Weekly report of basic chemical industry: pay attention to the performance of newspaper industry in the first quarter and improve individual stocks

Market review. As of March 25, 2022, CITIC’s basic chemical industry fell by 0.45% this week, outperforming the CSI 300 index by 1.69 percentage points and ranking 12th among CITIC’s 30 industries; CITIC basic chemical industry has fallen 8.84% so far this month, outperforming the Shanghai and Shenzhen 300 index by 0.04 percentage points.

Specific to the three-level sub industries of CITIC basic chemical industry, from the performance of the recent week, the top five sectors are potassium fertilizer (+ 9.80%), food and feed additives (+ 5.19%), inorganic salts (+ 5.15%), spandex (+ 3.33%) and printing and dyeing chemicals (+ 3.22%); From the performance of the last week, the top five sectors of decline were carbon fiber (- 8.01%), lithium chemicals (- 7.00%), rubber products (- 4.30%), rubber additives (- 4.30%) and membrane materials (- 3.36%).

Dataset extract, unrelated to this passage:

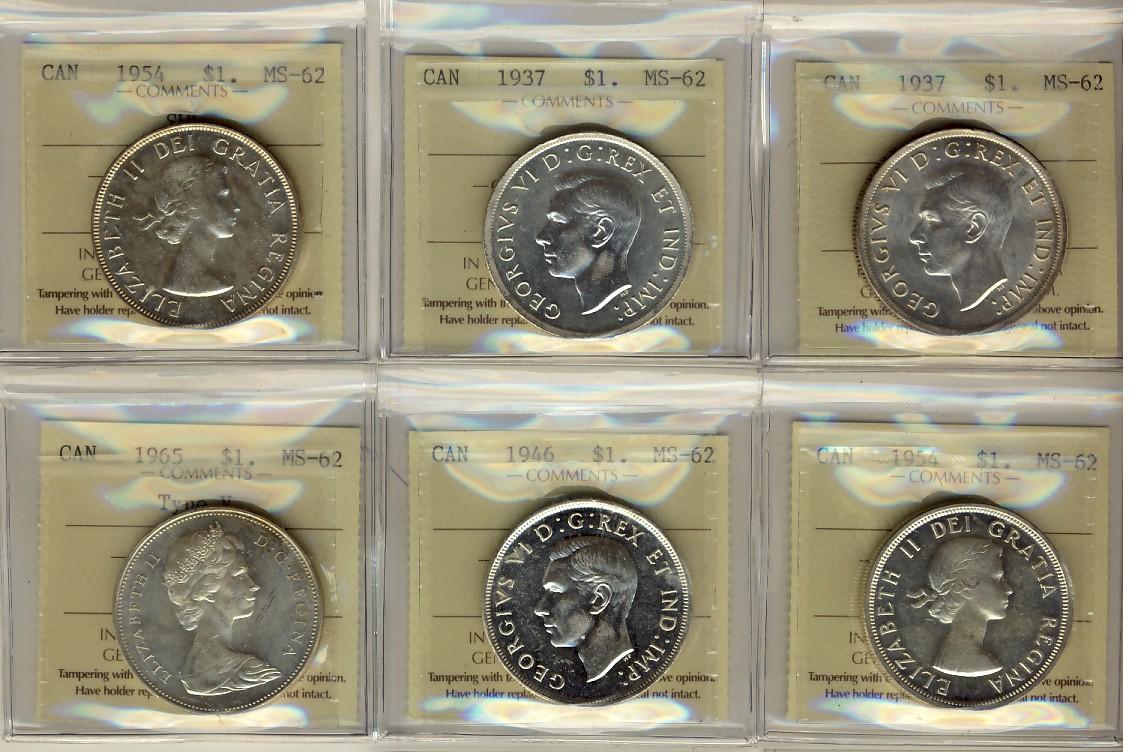 1937(2) $1, 1946, 1954(2) & 1965 T.5 ICCS MS62. Lot of 6 coins.
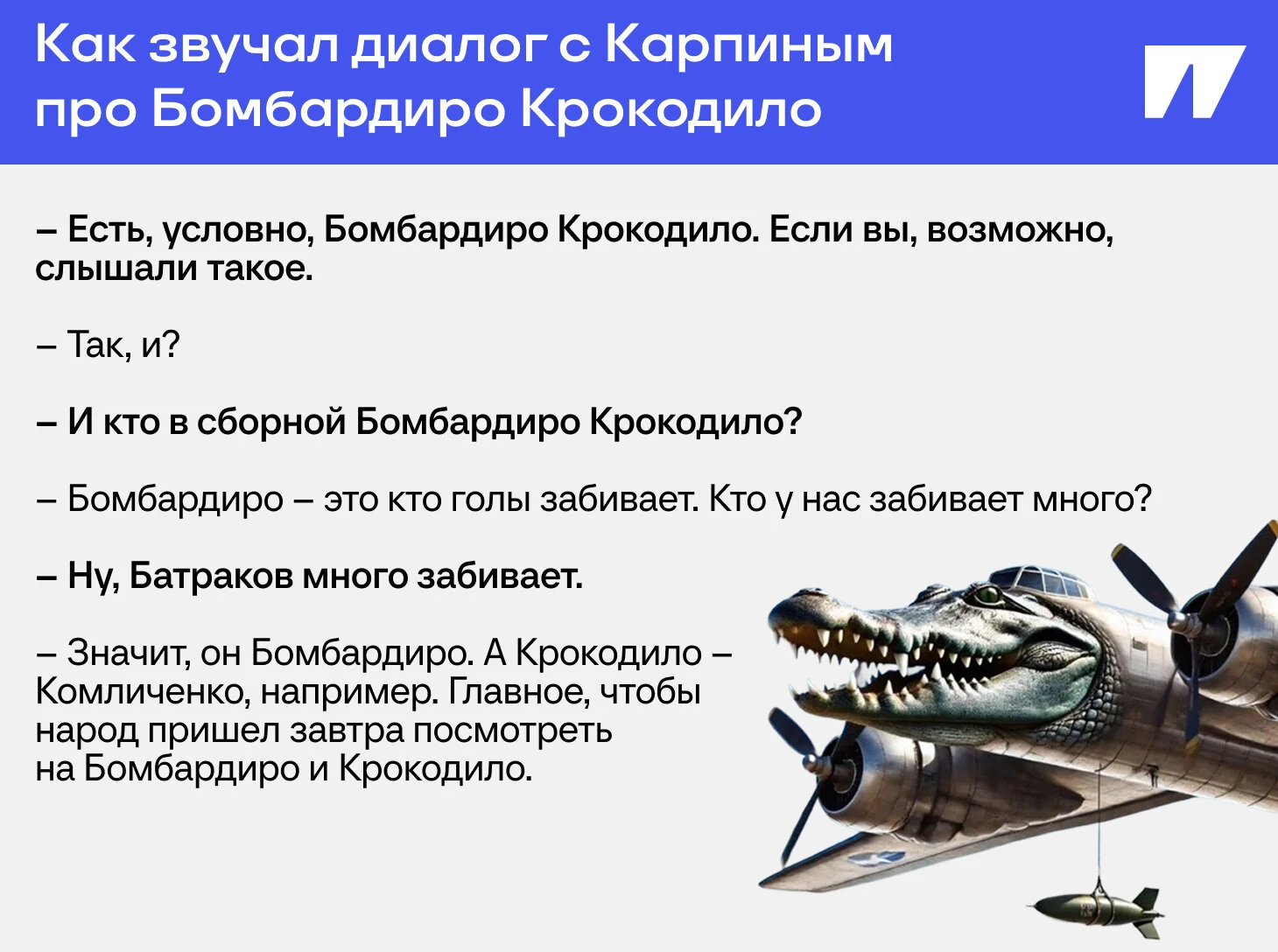 – Ты повторил перформанс через несколько месяцев и спросил про Бомбардиро Крокодило. Но этот мем сборная Росси не упоминала. Откуда тогда взялся вопрос?

Among the stocks with the highest gains this week, Zhejiang Zhongxin Fluoride Materials Co.Ltd(002915) , Star Lake Bioscience Co.Inc.Zhaoqing Guangdong(600866) and Zhejiang Yongtai Technology Co .Ltd(002326) performed best, rising 44.05%, 32.76% and 30.02% respectively. Among the stocks with the highest decline this week, Yunnan Energy Investment Co.Ltd(002053) , North Chemical Industries Co.Ltd(002246) and Elion Clean Energy Company Limited(600277) performed the worst, with declines of – 20.81%, – 19.45% and – 17.343% respectively.

Rise and fall of chemical products: among the key monitored chemical products, the products with the top five price increases this week are sulfuric acid (+ 18.89%), nitric acid (+ 17.65%), yellow phosphorus (+ 10.77%), caustic soda (+ 10.00%), butanone (+ 8.82%), and the products with the top five price decreases are DMF (- 5.17%), metallic silicon (- 4.55%), adipic acid (- 3.73%), BDO (- 3.37%) and DMC (- 3.33%).

View of Basic Chemical Industry Week: the uncertainty of the situation in Russia and Ukraine caused the international oil price to rise again this week. At present, the situation in Russia and Ukraine and oil price are still important variables affecting the trend of the sector. At this stage, it is suggested to focus on the good performance of the newspaper industry in the first quarter, Jiangsu Yangnong Chemical Co.Ltd(600486) ( Jiangsu Yangnong Chemical Co.Ltd(600486) ), Shandong Hualu-Hengsheng Chemical Co.Ltd(600426) ( Shandong Hualu-Hengsheng Chemical Co.Ltd(600426) ), Anhui Jinhe Industrial Co.Ltd(002597) ( Anhui Jinhe Industrial Co.Ltd(002597) ), Lecron Industrial Development Group Co.Ltd(300343) ( Lecron Industrial Development Group Co.Ltd(300343) ), etc. At the same time, the recent conflict between Russia and Ukraine has blocked the export of Russian chemical fertilizer. It is reported that Russia has suspended the export of chemical fertilizer. Russia is a major exporter of potassium fertilizer in the world, which will further boost the international price of potassium fertilizer. It is suggested to pay attention to Asia-Potash International Investment (Guangzhou) Co.Ltd(000893) ( Asia-Potash International Investment (Guangzhou) Co.Ltd(000893) ) and Qinghai Salt Lake Industry Co.Ltd(000792) ( Qinghai Salt Lake Industry Co.Ltd(000792) ); At present, the price difference of phosphate fertilizer outside China is large. If China’s export is liberalized after spring ploughing, the profits of Chinese phosphate fertilizer enterprises may improve. It is suggested to pay attention to Yunnan Yuntianhua Co.Ltd(600096) ( Yunnan Yuntianhua Co.Ltd(600096) ), Hubei Xingfa Chemicals Group Co.Ltd(600141) ( Hubei Xingfa Chemicals Group Co.Ltd(600141) ), Hubei Yihua Chemical Industry Co.Ltd(000422) ( Hubei Yihua Chemical Industry Co.Ltd(000422) ), etc.

Risk warning: the fluctuation risk of energy price caused by the uncertainty of Russia Ukraine conflict; Risk of narrowing the price difference of chemical products due to sharp fluctuations in oil prices; Risk of limited export of some chemical fertilizers; The policy of ensuring supply and stabilizing price of chemical fertilizer leads to the risk that the price of chemical fertilizer drops more than expected; If macroeconomic pressure leads to the risk that the downstream demand of chemical products is lower than expected; The risk of deterioration of supply and demand pattern due to the rapid release of new production capacity of some products; The risk of intensified industry competition; Natural and man-made disasters and other force majeure events.